**Task instructions:** Keep the wording of the records intact as you retype them, and omit every image.

Stored data:
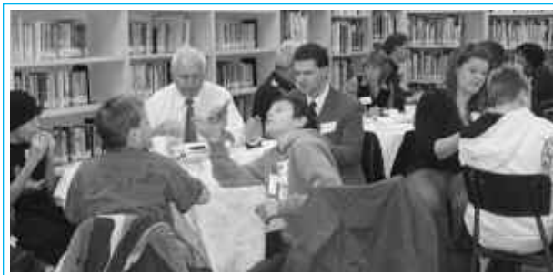
A nutritious lunch preceded the draws for the 26 prizes.
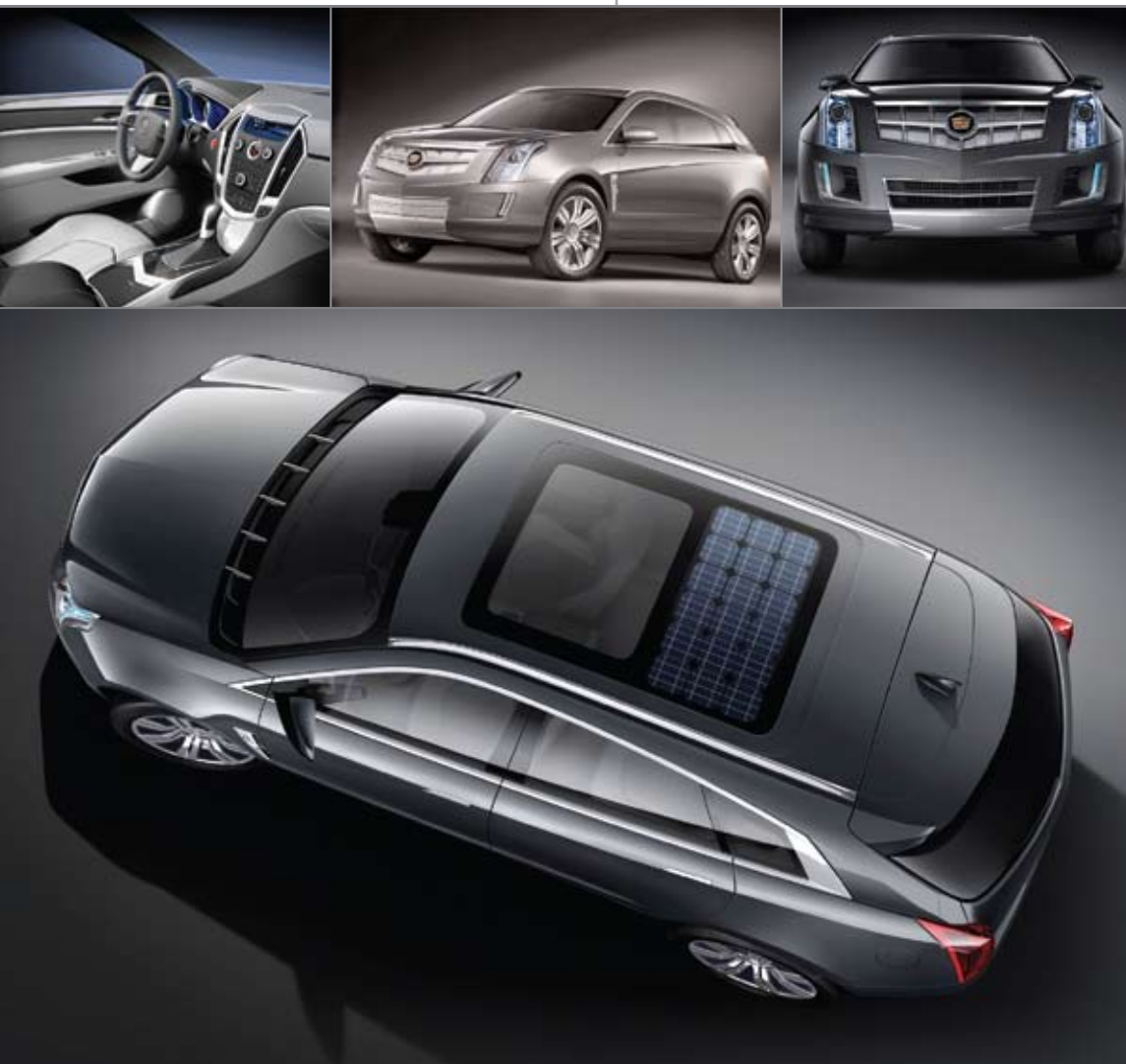
Life. LIBERTY. AND THE PURSUIT.
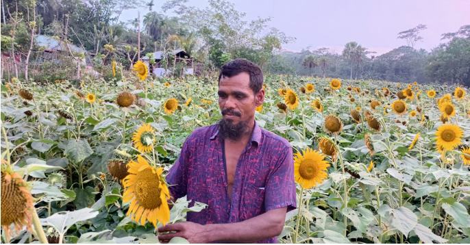
Adapting agricultural practices
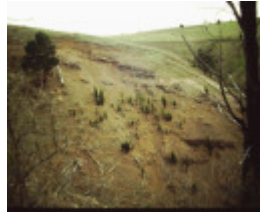
T11286 Callitris glaucophylla
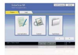
Easy-to-use Graphical User Interface.
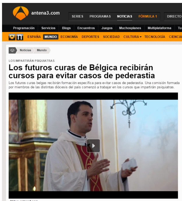
Figure 10. Shot of an identifiable priest, first used on a story about job satisfaction, later reused in a different story about pederasty.

A further illustrative example is shown in Figure 11. The picture next to the headline («New York's public internet faces two problems: beggars and porn») unfortunately has negative implications for the man portrayed in it: he may be assumed either to be a beggar or to be a consumer of pornography, or indeed both, when none of the situations might be correct. Attention should also be paid to the fact that choosing a black person in such a negative context is also perpetuating a racial stereotype.
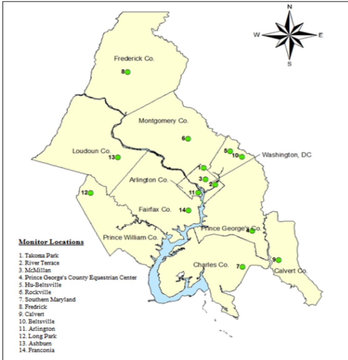
Figure 3-2: Washington DC-MD-VA 2008 Ozone NAAQS Maintenance Area Monitoring Sites

The trends in the ozone design values in Figure 3-3 reflect the effect of the declining emissions trends on ozone levels in the region and further demonstrate that the maintenance area will continue to comply with the 2008 ozone NAAQS in the future.
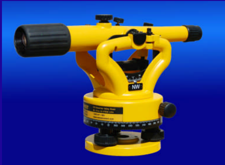
NSL500B Transit Level
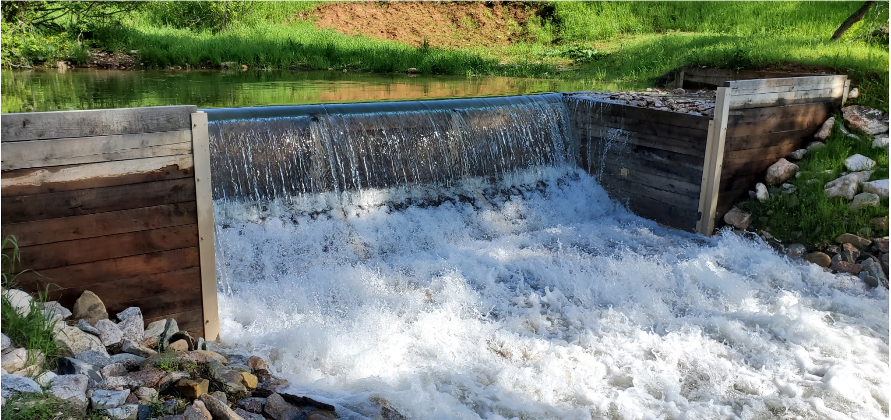
North Fork of West Pass Creek timber crib barrier structure completed in 2018.
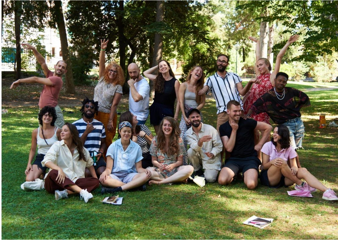
Carte Blanche Sessions' group participants
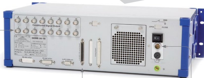
Conditioned signal output \pm 5 V or \pm 10 V
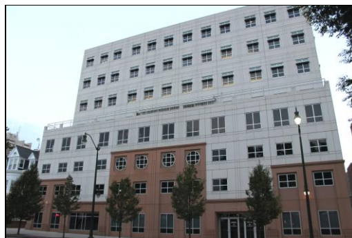
PHFA's headquarters in downtown Harrisburg.
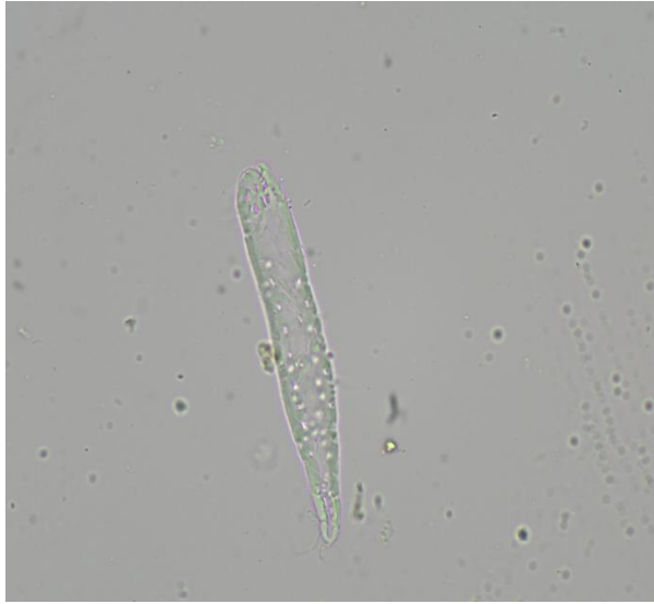
Figure 4. Demodex spp.
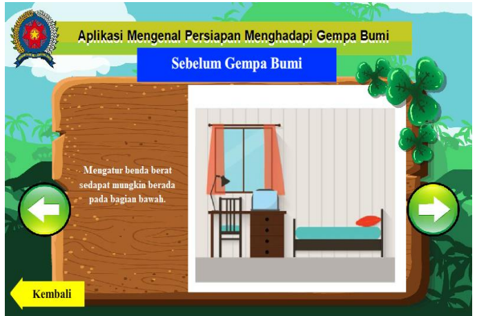
Fig 6. Menu Display Before Earthquake

The menu display before the earthquake serves to go to the menu display before the earthquake.
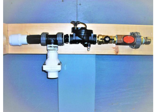
Mount Basepump Ejector
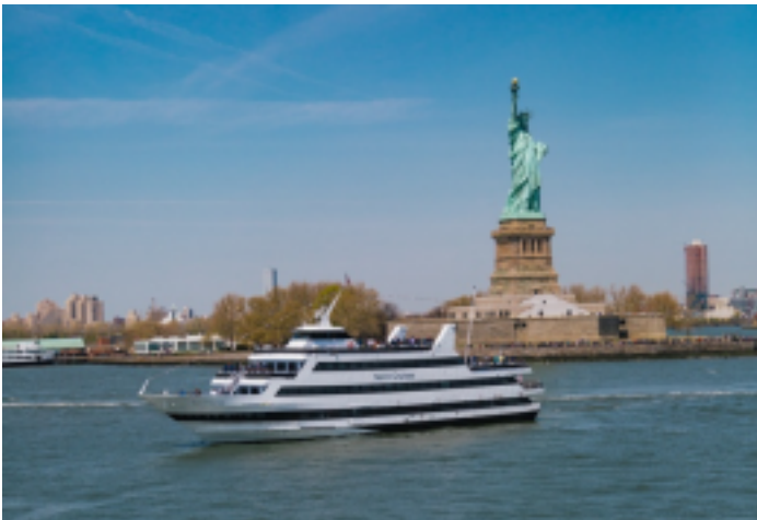
The Spirit of New York at the Statue of Liberty

In determining if registering ensembles qualify for complimentary packages or a group credit, registrants taking the $499 non-performer package are not counted.
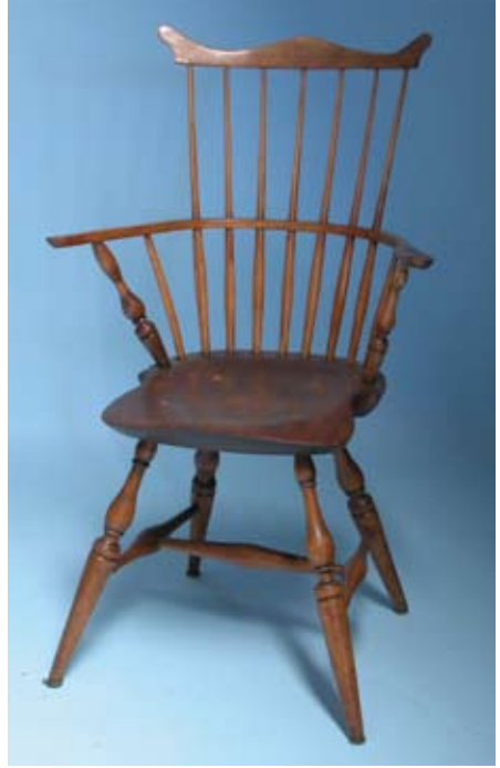
171. UNUSUAL SIZE AMERICAN COMB-BACK WINDSOR LADY'S ARMCHAIR, circa 1770. Seat Height 18 in.
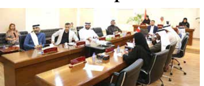
Council meeting in progress
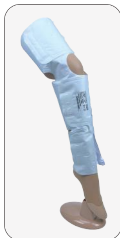
DISPOSABLE THIGH SLEEVE 单人使用，全腿型
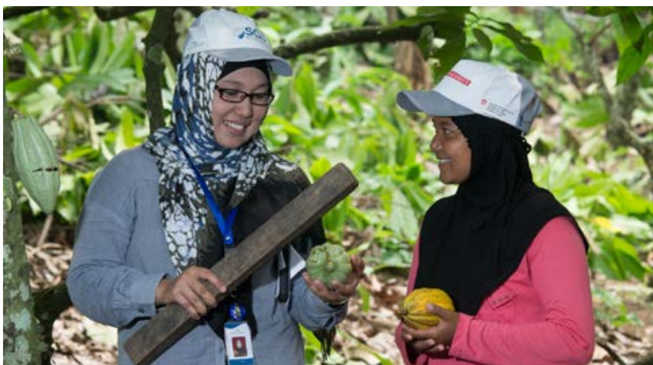
Cocoa farmers in Indonesia

CHANGE IS ESSENTIAL TO DEVELOPMENT. THE HISTORY OF SWISS-CONTACT DEMONSTRATES THIS. SINCE OUR FOUNDATION IN 1959, OUR WORK METHODS HAVE CHANGED AND WE HAVE ADDED NEW KEY AREAS OF FOCUS AND NEW PARTNER COUNTRIES, BUT THROUGHOUT THE LAST 60 YEARS OUR GOAL HAS REMAINED UNCHANGED: SWISSCONTACT HAS ALWAYS CREATED OPPORTUNITIES FOR PEOPLE TO LIFT THEMSELVES OUT OF POVERTY AND DEVELOP ECONOMICALLY.
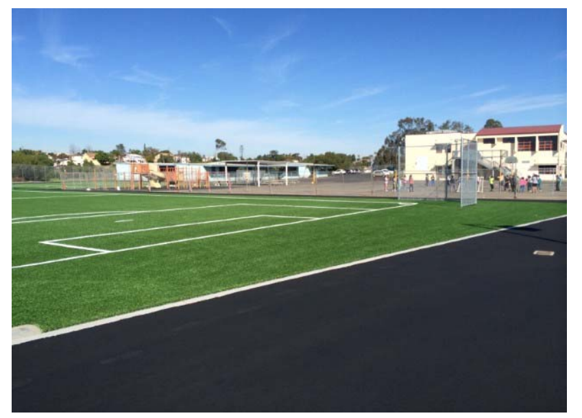
New synthetic turf field with track
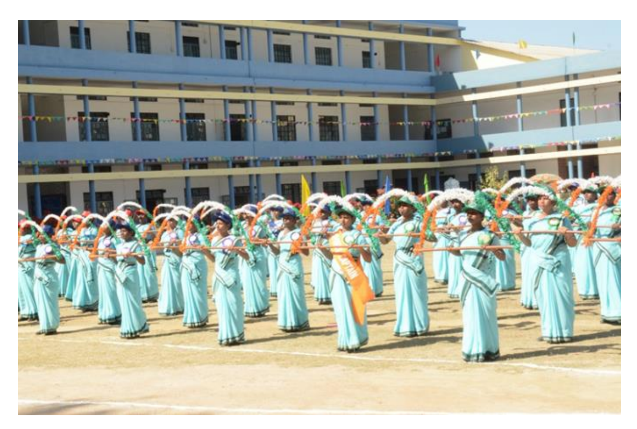
Students performing on Annual Sports Day
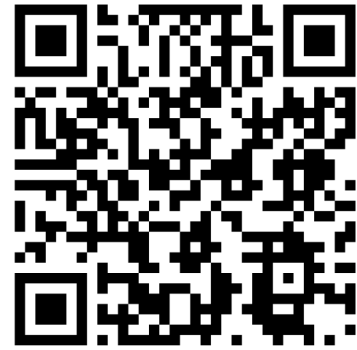
Undergraduate Social Work Organization Facebook and Instagram
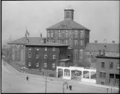
Massachusetts State Prison, Charlestown
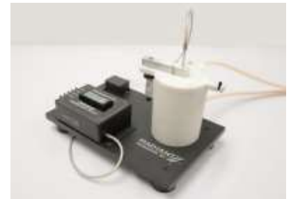
Non Heated Piezoelectric (Converse D33) Test Bundle for Bulk Ceramics

The Bulk Ceramic Piezoelectric Test Bundle is rated to 10kV. Allows piezoelectric displacements (converse d33 measurement) on the order of one micron or larger using Radiant Testers. Includes a Piezoelectric Displacement Sensor, Piezoelectric Measurement Test Fixture, and Advanced Piezoelectric Software. The Sample Chamber is rated to 10,000 Volts. The bundle's simple user interface is controlled by Radiant's fully automated Vision Data Acquisition Software. Converse D33 Measurements can be extracted using Vision Software.
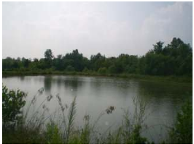
Additional Inside 1

**Answer to this task:**
A nutritious lunch preceded the draws for the 26 prizes.
Life. LIBERTY. AND THE PURSUIT.
Adapting agricultural practices
T11286 Callitris glaucophylla
Easy-to-use Graphical User Interface.
Figure 10. Shot of an identifiable priest, first used on a story about job satisfaction, later reused in a different story about pederasty.

A further illustrative example is shown in Figure 11. The picture next to the headline («New York's public internet faces two problems: beggars and porn») unfortunately has negative implications for the man portrayed in it: he may be assumed either to be a beggar or to be a consumer of pornography, or indeed both, when none of the situations might be correct. Attention should also be paid to the fact that choosing a black person in such a negative context is also perpetuating a racial stereotype.
Figure 3-2: Washington DC-MD-VA 2008 Ozone NAAQS Maintenance Area Monitoring Sites

The trends in the ozone design values in Figure 3-3 reflect the effect of the declining emissions trends on ozone levels in the region and further demonstrate that the maintenance area will continue to comply with the 2008 ozone NAAQS in the future.
NSL500B Transit Level
North Fork of West Pass Creek timber crib barrier structure completed in 2018.
Carte Blanche Sessions' group participants
Conditioned signal output \pm 5 V or \pm 10 V
PHFA's headquarters in downtown Harrisburg.
Figure 4. Demodex spp.
Fig 6. Menu Display Before Earthquake

The menu display before the earthquake serves to go to the menu display before the earthquake.
Mount Basepump Ejector
The Spirit of New York at the Statue of Liberty

In determining if registering ensembles qualify for complimentary packages or a group credit, registrants taking the $499 non-performer package are not counted.
171. UNUSUAL SIZE AMERICAN COMB-BACK WINDSOR LADY'S ARMCHAIR, circa 1770. Seat Height 18 in.
Council meeting in progress
DISPOSABLE THIGH SLEEVE 单人使用，全腿型
Cocoa farmers in Indonesia

CHANGE IS ESSENTIAL TO DEVELOPMENT. THE HISTORY OF SWISS-CONTACT DEMONSTRATES THIS. SINCE OUR FOUNDATION IN 1959, OUR WORK METHODS HAVE CHANGED AND WE HAVE ADDED NEW KEY AREAS OF FOCUS AND NEW PARTNER COUNTRIES, BUT THROUGHOUT THE LAST 60 YEARS OUR GOAL HAS REMAINED UNCHANGED: SWISSCONTACT HAS ALWAYS CREATED OPPORTUNITIES FOR PEOPLE TO LIFT THEMSELVES OUT OF POVERTY AND DEVELOP ECONOMICALLY.
New synthetic turf field with track
Students performing on Annual Sports Day
Undergraduate Social Work Organization Facebook and Instagram
Massachusetts State Prison, Charlestown
Non Heated Piezoelectric (Converse D33) Test Bundle for Bulk Ceramics

The Bulk Ceramic Piezoelectric Test Bundle is rated to 10kV. Allows piezoelectric displacements (converse d33 measurement) on the order of one micron or larger using Radiant Testers. Includes a Piezoelectric Displacement Sensor, Piezoelectric Measurement Test Fixture, and Advanced Piezoelectric Software. The Sample Chamber is rated to 10,000 Volts. The bundle's simple user interface is controlled by Radiant's fully automated Vision Data Acquisition Software. Converse D33 Measurements can be extracted using Vision Software.
Additional Inside 1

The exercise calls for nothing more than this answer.